### Data
Content starts
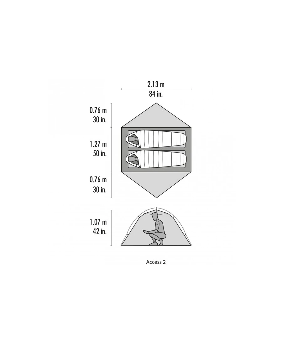 Vor allem jenseits der Baumgrenze, in größeren Höhen, kann der nächtliche Schneefall schon mal beachtliche Mengen übersteigen – eine Herausforderung für die Stabilität einer jeden Zeltkonstruktion. MSR hat sein Access 2 daher mit einer Rahmenkonstruktion versehen, die besonderen Wert auf die Stützfunktion im Mittelbereich des Zeltes legt, d.h. genau dort, wo sich besonders viel Schnee ansammelt. Damit bei all diesen technischen Finessen dennoch der Wohnkomfort nicht zu kurz kommt, verfügt das 2 Personenzelt über eine besonders große Apsis, die nochmals zwei Drittel des eigentlichen Schlafbereichs beträgt. Dort lässt sich demnach der allergrößte Teil der persönlichen Ausrüstung lagern und sorgt damit für mehr Platz im Innenzelt.
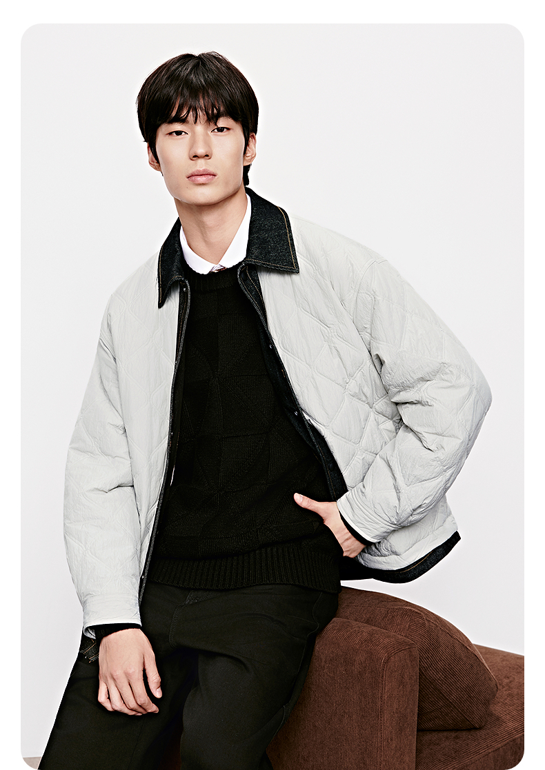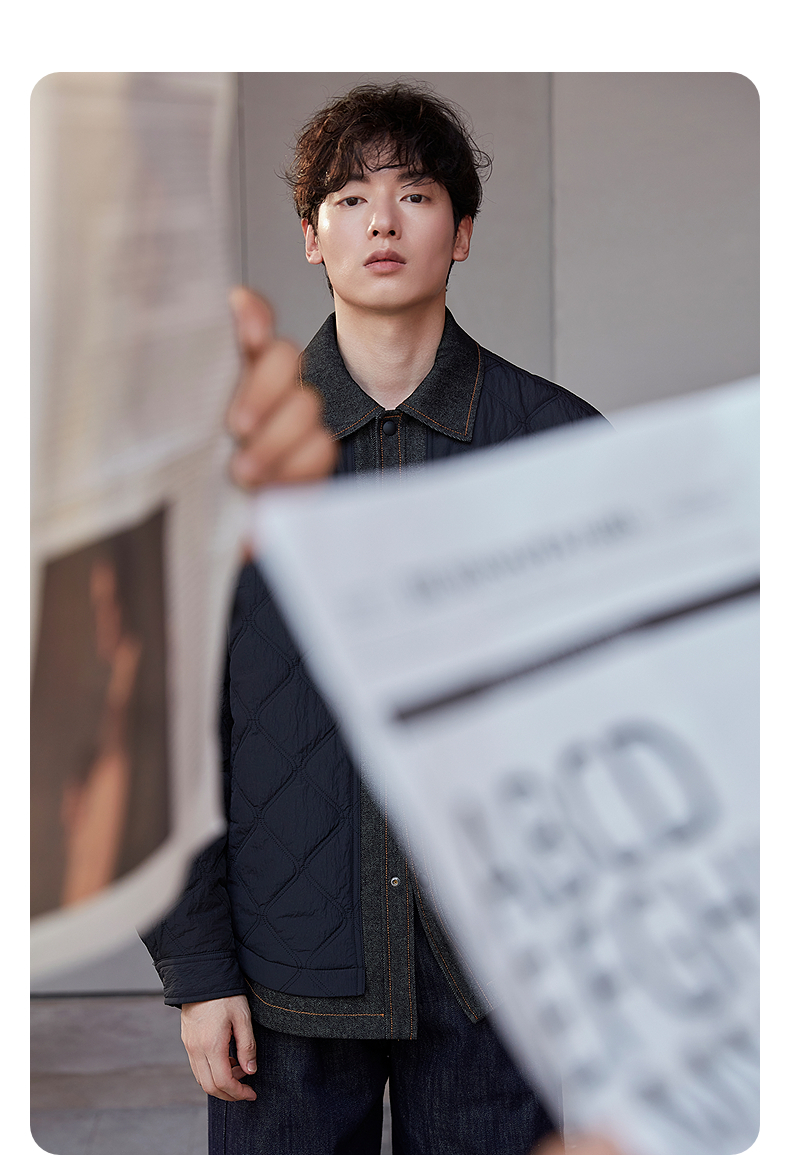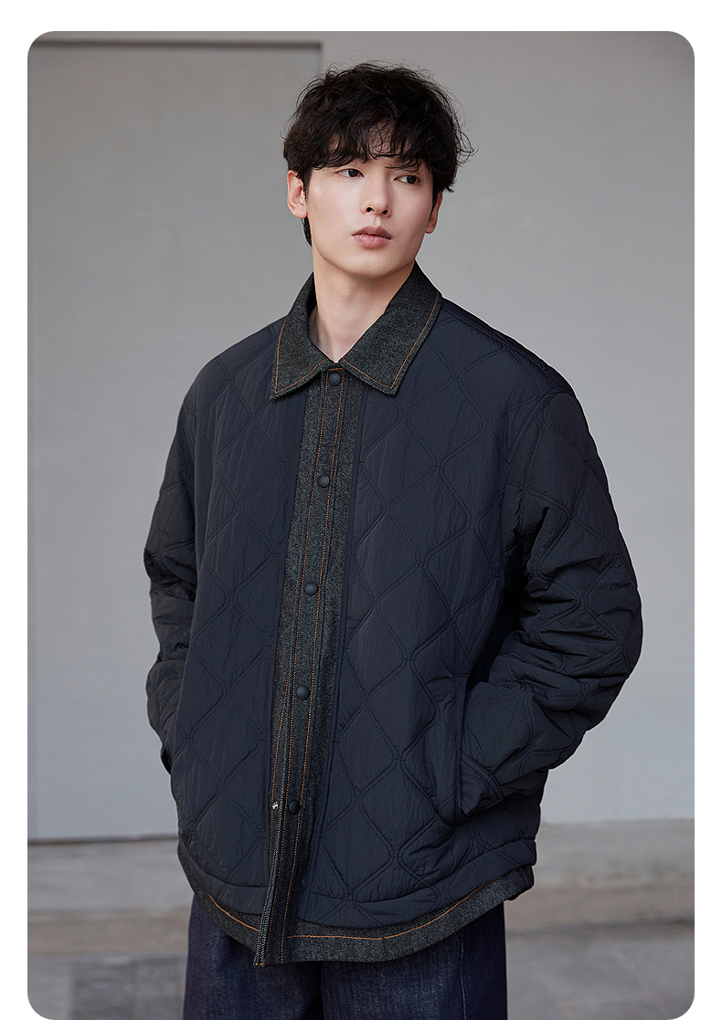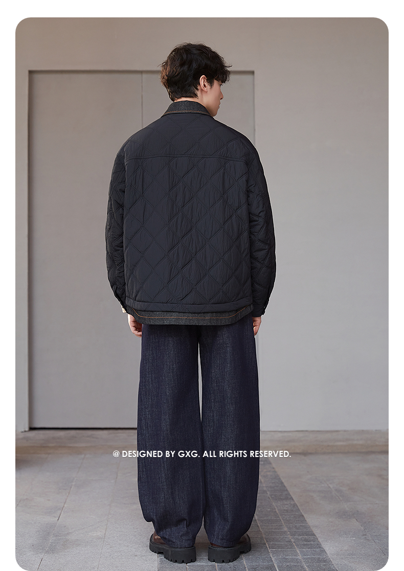 GXG男装 绗缝牛仔拼接假两件设计棉服夹克休闲外套 25年冬季热卖
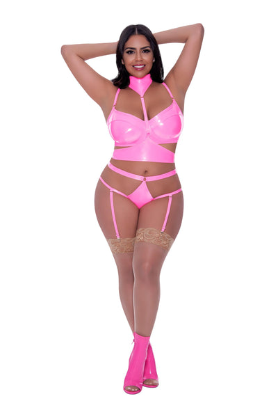 Club Candy Bra, Harness and Panty Pink 2XL from Magic Silk Lingerie. From the Exposed by Magic Silk collection, this style includes: a demi bra featuring hook and eye closure in the back with an attached collar harness, clear o-ring details throughout and a matching panty with an attached garter. Sweet Bubblegum pink meets slick and slippery wet look fabric. Fabric content: 55% Polyurethane, 40% Polyester, 5% Spandex. Care instructions: hand wash cold water. No bleach. Dry flat. Ladies plus size 1X/2X. Dress sizes 20 and 22. Categories: Lingerie, Clothing, Bra Sets, Naughty Role Play, Plus Sizes, Women's Underwear. 2023.
Content ends
Pictures are to be dropped, and the remaining data set down exactly.

### Solution for this problem
 Vor allem jenseits der Baumgrenze, in größeren Höhen, kann der nächtliche Schneefall schon mal beachtliche Mengen übersteigen – eine Herausforderung für die Stabilität einer jeden Zeltkonstruktion. MSR hat sein Access 2 daher mit einer Rahmenkonstruktion versehen, die besonderen Wert auf die Stützfunktion im Mittelbereich des Zeltes legt, d.h. genau dort, wo sich besonders viel Schnee ansammelt. Damit bei all diesen technischen Finessen dennoch der Wohnkomfort nicht zu kurz kommt, verfügt das 2 Personenzelt über eine besonders große Apsis, die nochmals zwei Drittel des eigentlichen Schlafbereichs beträgt. Dort lässt sich demnach der allergrößte Teil der persönlichen Ausrüstung lagern und sorgt damit für mehr Platz im Innenzelt.
 GXG男装 绗缝牛仔拼接假两件设计棉服夹克休闲外套 25年冬季热卖
 Club Candy Bra, Harness and Panty Pink 2XL from Magic Silk Lingerie. From the Exposed by Magic Silk collection, this style includes: a demi bra featuring hook and eye closure in the back with an attached collar harness, clear o-ring details throughout and a matching panty with an attached garter. Sweet Bubblegum pink meets slick and slippery wet look fabric. Fabric content: 55% Polyurethane, 40% Polyester, 5% Spandex. Care instructions: hand wash cold water. No bleach. Dry flat. Ladies plus size 1X/2X. Dress sizes 20 and 22. Categories: Lingerie, Clothing, Bra Sets, Naughty Role Play, Plus Sizes, Women's Underwear. 2023.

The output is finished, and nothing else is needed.